** Stored data **

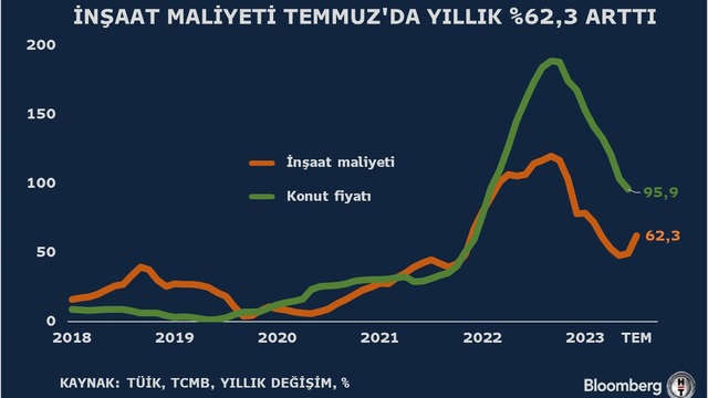 İnşaat maliyetlerinde 2022'nin son çeyreğinde başlayan düşüş ivmesi Temmuz ayında yaşanan sert yükselişle son buldu.
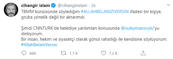 Cihangir İslam paylaşımında; "TBMM kürsüsünde söylediğim #ALLAHBELANIZIVERSIN ifadesi bir kişiye, gruba yönelik değil bir aktarımdı.
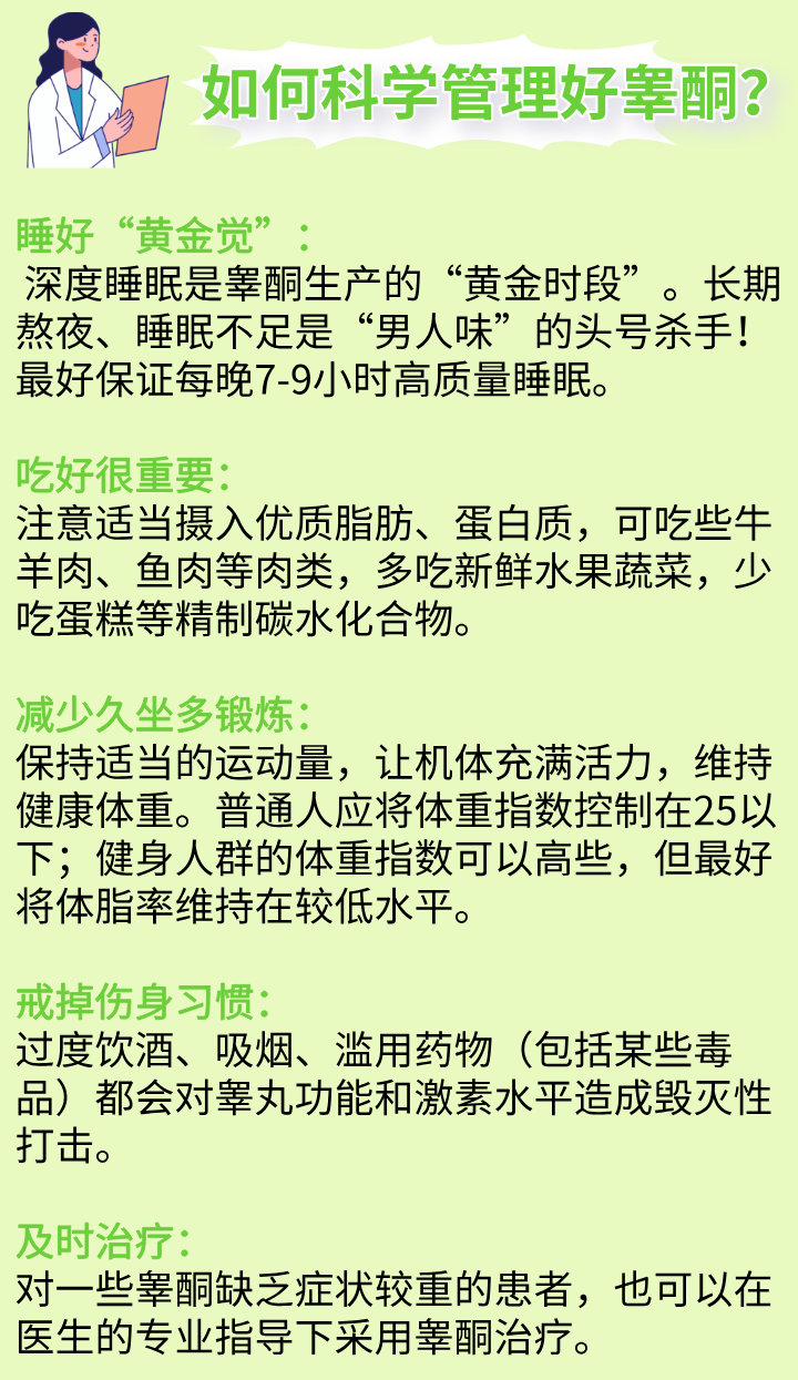 男性想要保持“男人味”,要尽早改正坏习惯,坚持健康的生活方式,对维持和提升睾酮水平有一定帮助。

** Problem **
Write the listing above out again word for word, excluding all images.

** Result for this exercise **
 İnşaat maliyetlerinde 2022'nin son çeyreğinde başlayan düşüş ivmesi Temmuz ayında yaşanan sert yükselişle son buldu.
 Cihangir İslam paylaşımında; "TBMM kürsüsünde söylediğim #ALLAHBELANIZIVERSIN ifadesi bir kişiye, gruba yönelik değil bir aktarımdı.
 男性想要保持“男人味”,要尽早改正坏习惯,坚持健康的生活方式,对维持和提升睾酮水平有一定帮助。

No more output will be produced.